Congressional Cybersecurity Caucus co-founder Rep. Jim Langevin, D-R.I., also faulted the White House for having “moved slowly toward implementing” the recommendations from the Center for Strategic and International Studies’ Commission on Cybersecurity for the 44th Presidency, which Langevin co-chaired. The White House proposal, while echoing some provisions Langevin has championed, “still leaves some areas of concern,” he said: It neglects to designate a cyber director to handle interagency coordination or lead a National Office for Cyberspace, or even give DHS authority over cybersecurity policy. “Congress must revisit this issue,” Langevin said. He said he also wants the administration to weigh in “more heavily” on the U.S. military posture in cyberspace, a subject Langevin took up at Wednesday’s markup of the National Defense Authorization Act.
TechAmerica called the White House proposal “a clear step forward” for the public-private cyber partnership. It should promote an “outcome-based, layered security approach” adopted voluntarily by business and avoid a “one-size-fits-all, mandated approach to cybersecurity,” the group said. The proposal also needs to draw a “bright line between critical and non-critical infrastructure” and lay out the “implications” for that designation, and provide liability protections for companies operating at the government’s behest, TechAmerica said.
The Information Technology Industry Council gave the proposal a backhanded compliment. The White House showed “much-needed leadership” on cybersecurity by offering the proposal, though “any first draft won’t be perfect,” said CEO Dean Garfield.

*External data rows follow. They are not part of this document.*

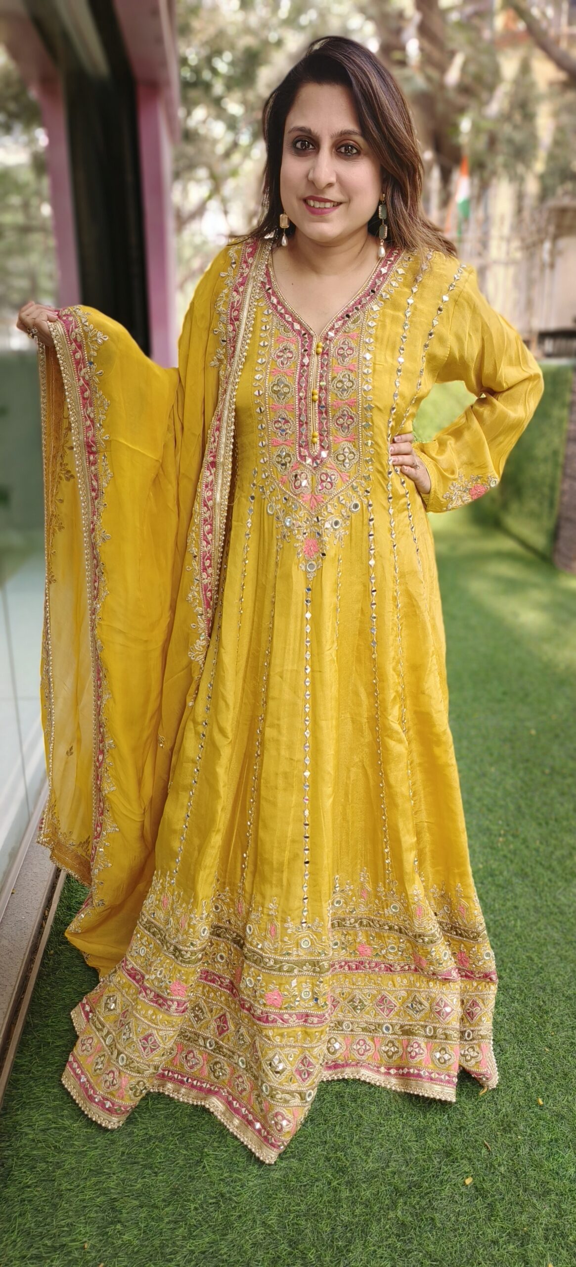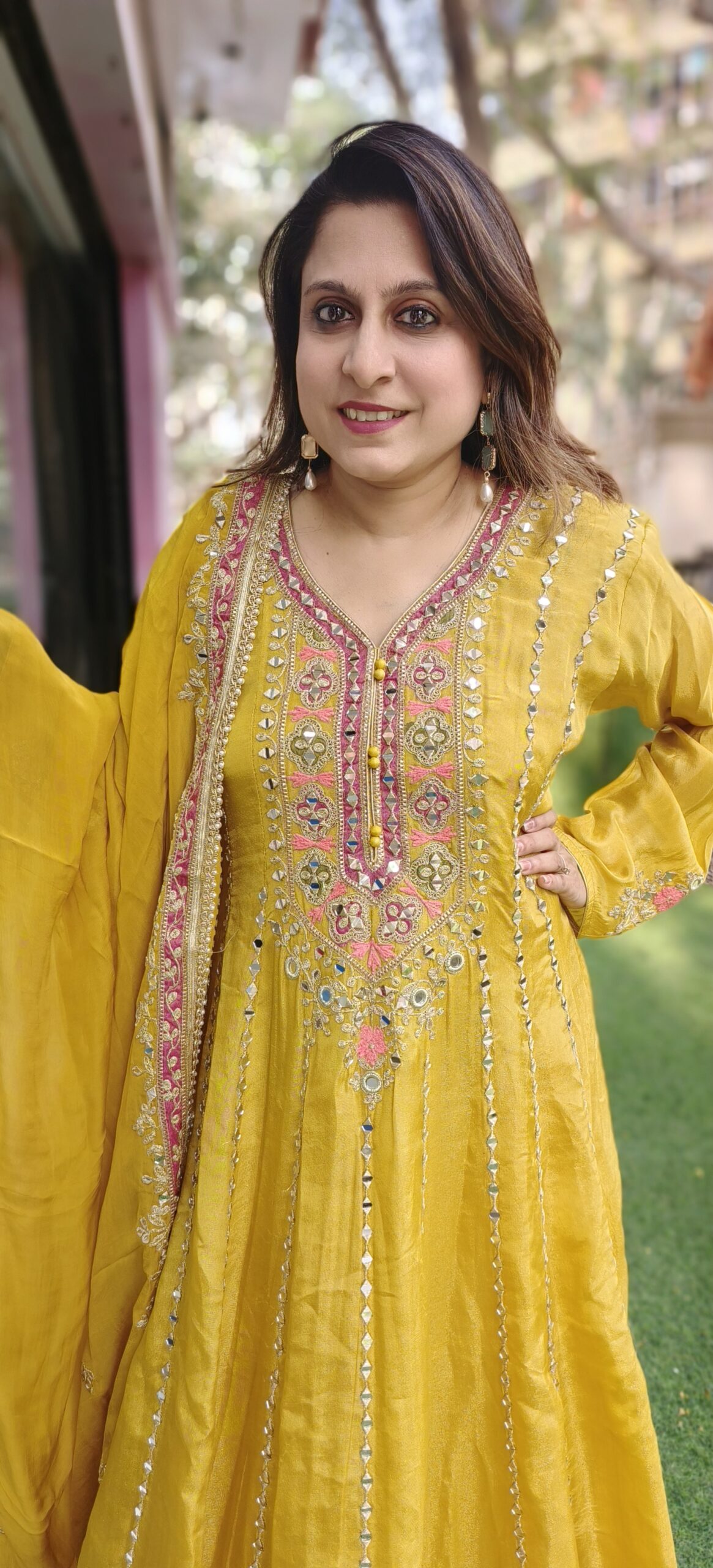 a shimmer tissue gown in gota and thread embroidery. Pink highlights on the yellow gown enhance the look even further. The kalis start from the shoulder all the way till the floor length. Dupatta is in organza with embroidery on all 4 sides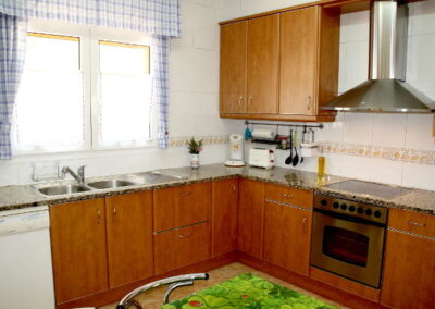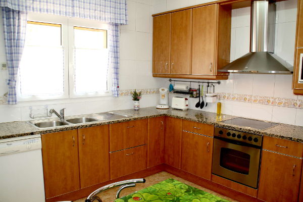 En la cocina: equipamiento básico para cocinar (utensilios, ollas, paella, colador, platos, vasos, cubiertos, etc.), papel de cocina, trapos de cocina, estropajo y jabón lavavajillas, bayeta, hule para la mesa, horno microondas con grill.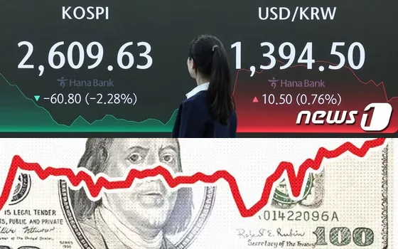 환율이 1400원까지 오른 건 지난 2022년 11월 7일 장중 고가 1413.5원을 기록한 이후 약 17개월 만이다.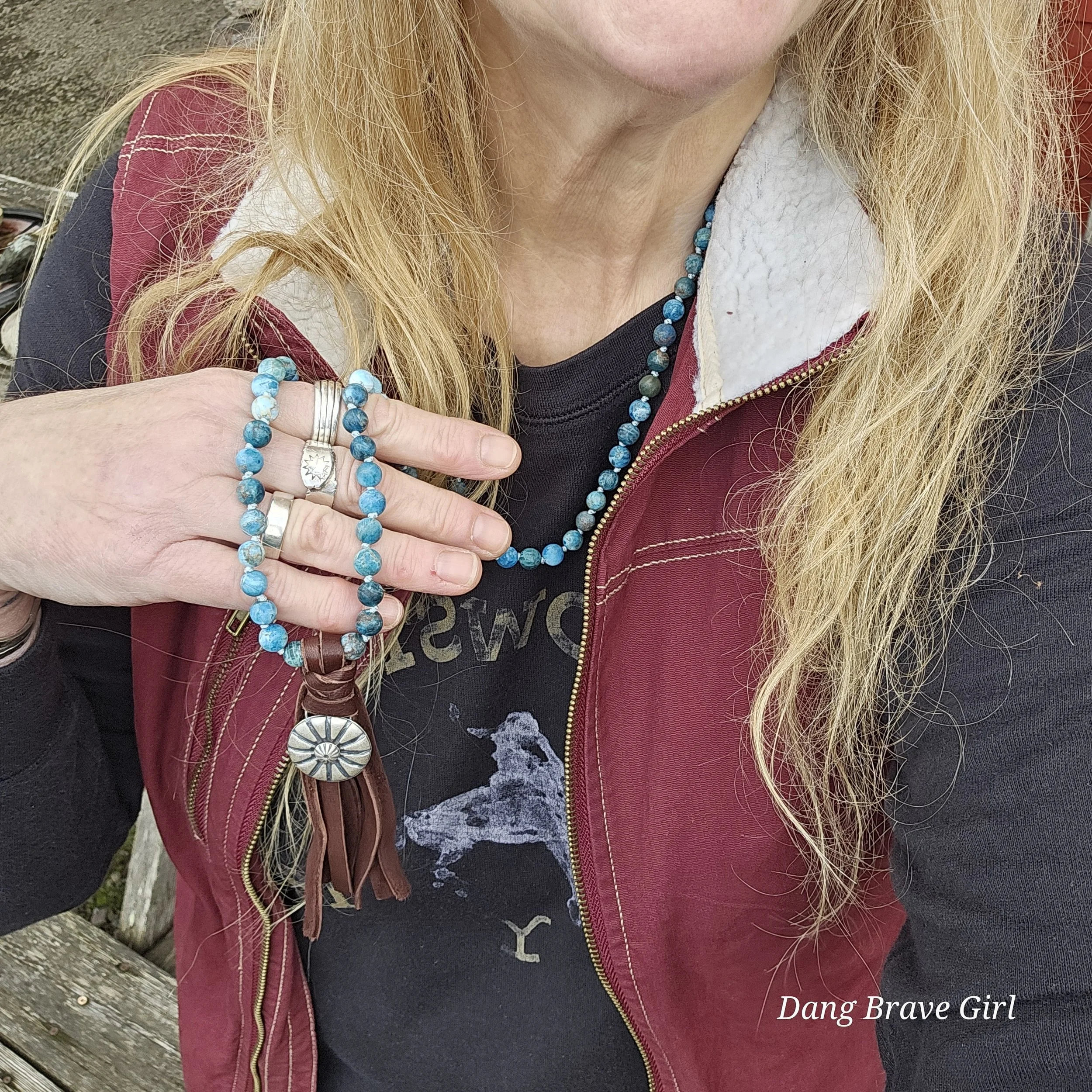 The sterling silver concho pendant is very cool and it’s depth and details are highlighted by a rich patina and soft polish.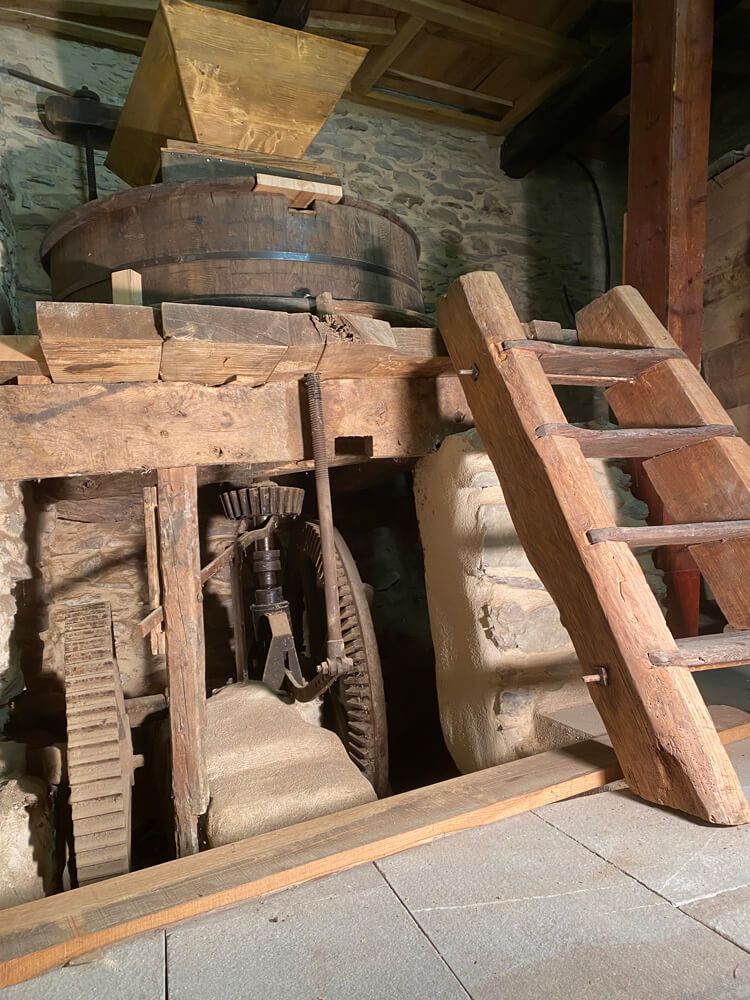 Le macine, le pietre e gli ingranaggi originali convivono oggi con elementi moderni e funzionali, per un equilibrio tra passato e innovazione.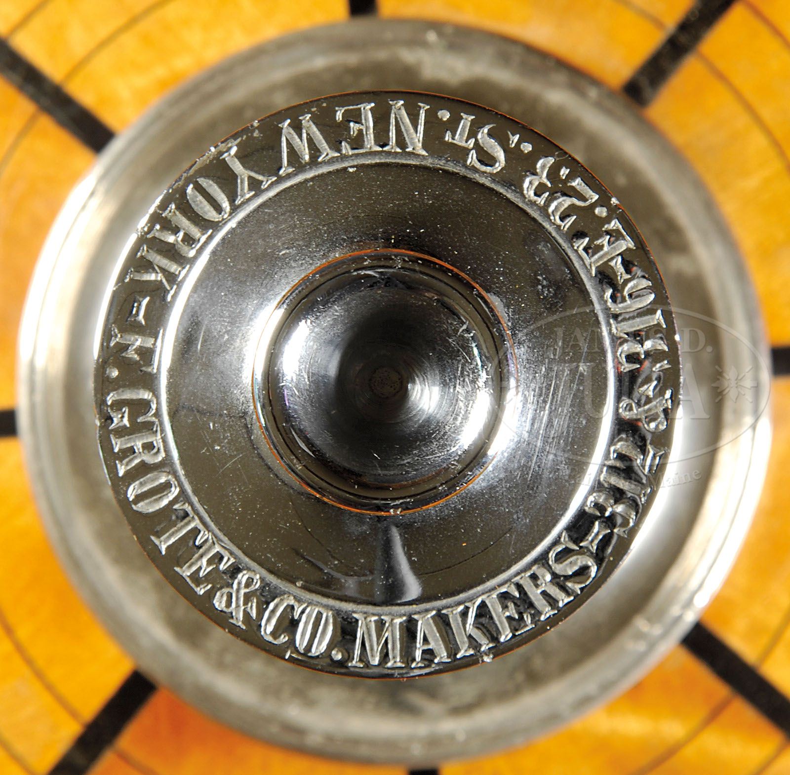 FINE NEW YORK F. GROTE & CO. ROULETTE TABLE. First 3rd 20th century. The table with original baize lined gaming surface, the wheel head end with detachable tray, mounted on a double turned pedestal base raised on claw feet joined by a baluster turned stretcher. The 31″ rosewood and maple wheel with silvered central mounting post cast “F. GROTE & CO. MAKERS-312 & 316-E. 23 ST. NEW YORK”. The mounting plate with the stamped number 178. The wheel with original fitted shipping crate. This item is accompanied by a quantity of period $1.00 and $5.00 chips. SIZE: 31-3/4″ h x 8′ l x 43-1/4″ w. CONDITION: Wheel is in very good original condition. Baize surfaces sound but with wear and overall fading. Some wear and losses to baise side edge at player’s end, also with small holes. Base is original and very good. Dealer’s chip drawer absent. 9-25700 (6,000-7,000)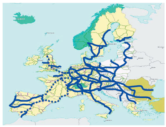 Antverpene-Athus/Bettembourg-Bāzele-Milāna Hallsberg/Mjölby, Zviedrija ETCS uz Oresund savienojuma cauri Dānijai pa Storebelt posmu Āhene – Horka/Frankfurte (O), Vācija Vācija • Kehl-Zalcburga • Flensburga – Kufstein • Emmerich – Bāzele, dažas daļas caur Vāciju • Hamburga – Bad Schandau • Darmštate – Passava Francija • Metz – Dijon – Liona – Aviņjona – Perpignan (Spānijas robeža) • Le Havre – Rouen – Amien – Arras • Parīze – Tours – Bordo – Dax • Parīze – Remis – Metz (TGV EST) • Parīze – Macon – Liona (TGV Sud-Est) • Calais – Metz Stokholma-Nyland-Umea |
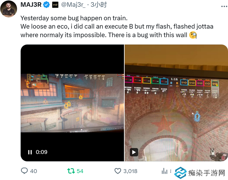 他查看的是IEM 卡托维兹站入围赛EF和Complexity的比赛demo。当时在Train地图上,EF战队打算从B斜坡发起进攻。但MAJ3R丢出的高闪却意外致盲了尚未走出斜坡的队友Samet Köklü | jottAAA。从回放中可以明显看到这颗闪光正常情况下绝无理由可以致盲JottAAA。MAJ3R认为这面墙有BUG问题。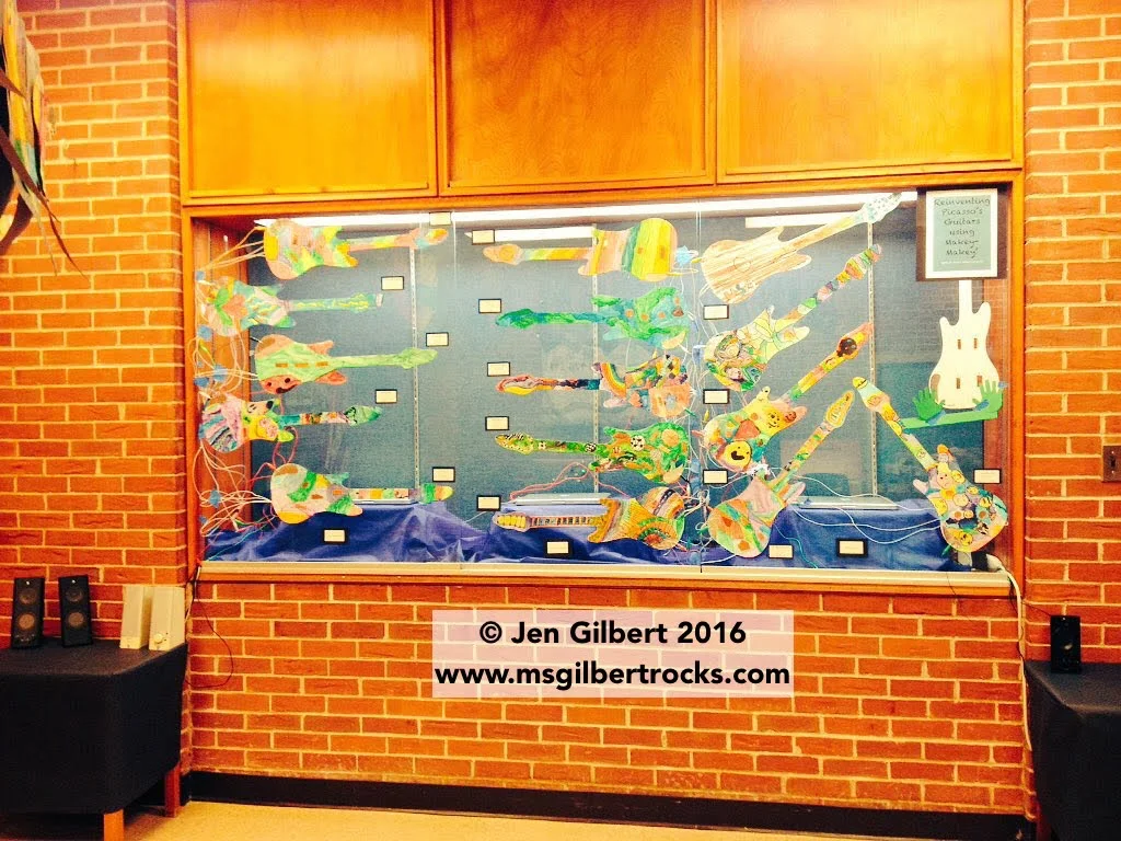 As a companion to sharing this with ICE via the newsletter, here you can find more information on the Picasso's Guitar Remix with Makey Makey project we did in the spring of 2016. Looking for the Global Programming Challenge wall post? Look just below this post on www.msgilbertrocks.com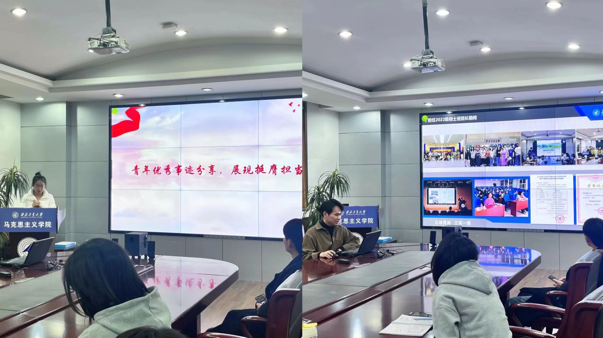 团日活动第三项,必赢242net官网挺鹰担当先进学生代表从自身学习、工作、生活出发分享个人事迹。中国近现代史基本问题研究系团支部书记杨京翰讲述了担任学院2022级硕士班班长以来的工作成效和工作感想,2023级硕士生樊小燕分享了在学院担任助管工作中的点点滴滴。在场每位青年团员都认真聆听,在对标支部优秀团员的过程中找寻自身不足,涵养进取品格。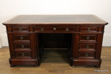 A GOOD VICTORIAN MAHOGANY TWIN PEDESTAL DESK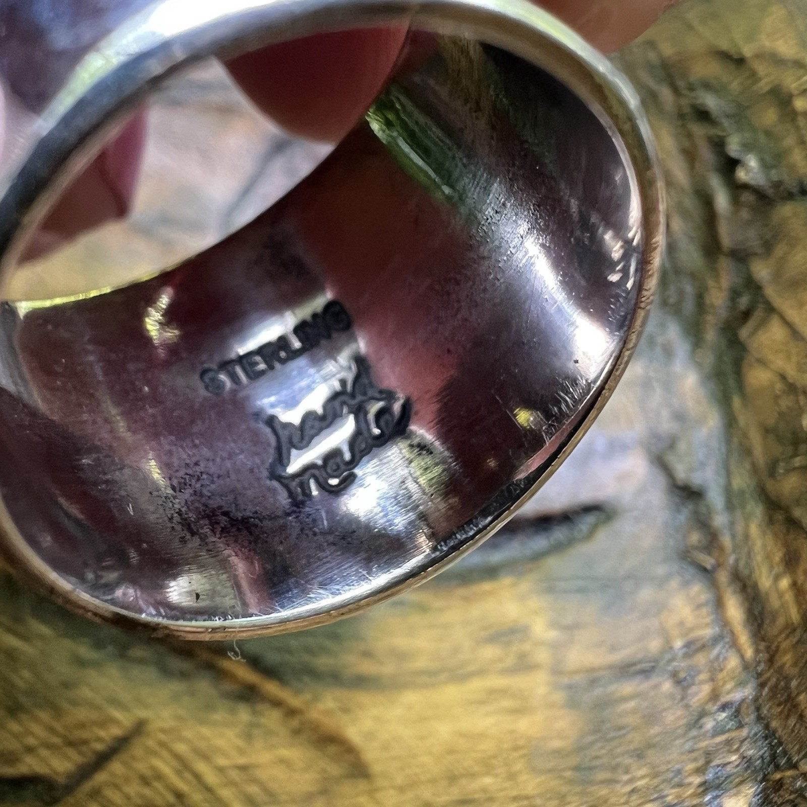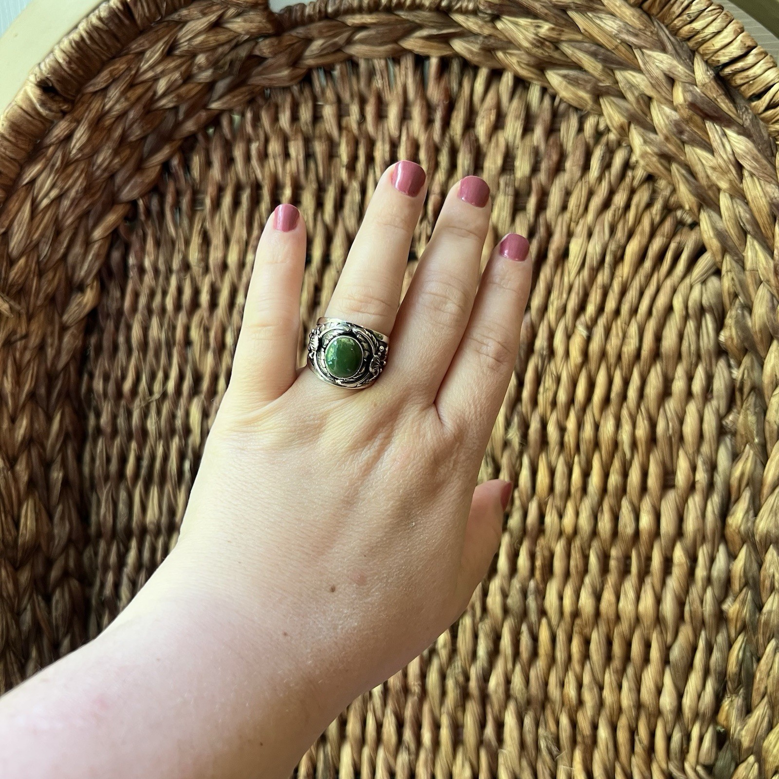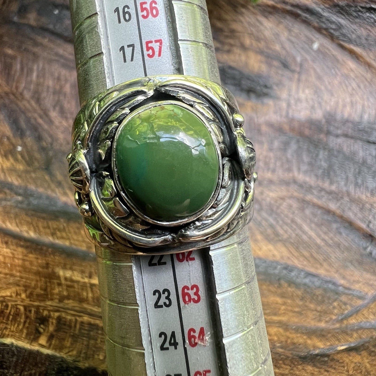 как выглядит 925 Sterling Silver Green Turquoise Ornate Wide Band Ring Sz 9 Southwest Boho фото

The group suggested that the proposal doesn’t yet promote “extensive collaboration” between business and government. “The cybersecurity debate of 2011 is much different” than in years past, “and it’s clear that policymakers need to carefully assess how we effectively adapt to emerging threats, technologies and business models,” Garfield said. Software and Information Industry Association President Ken Wasch thanked the administration for promoting collaboration, providing resources for R&D, embracing cloud computing, and blocking states from requiring “localized IT infrastructures” under the proposal.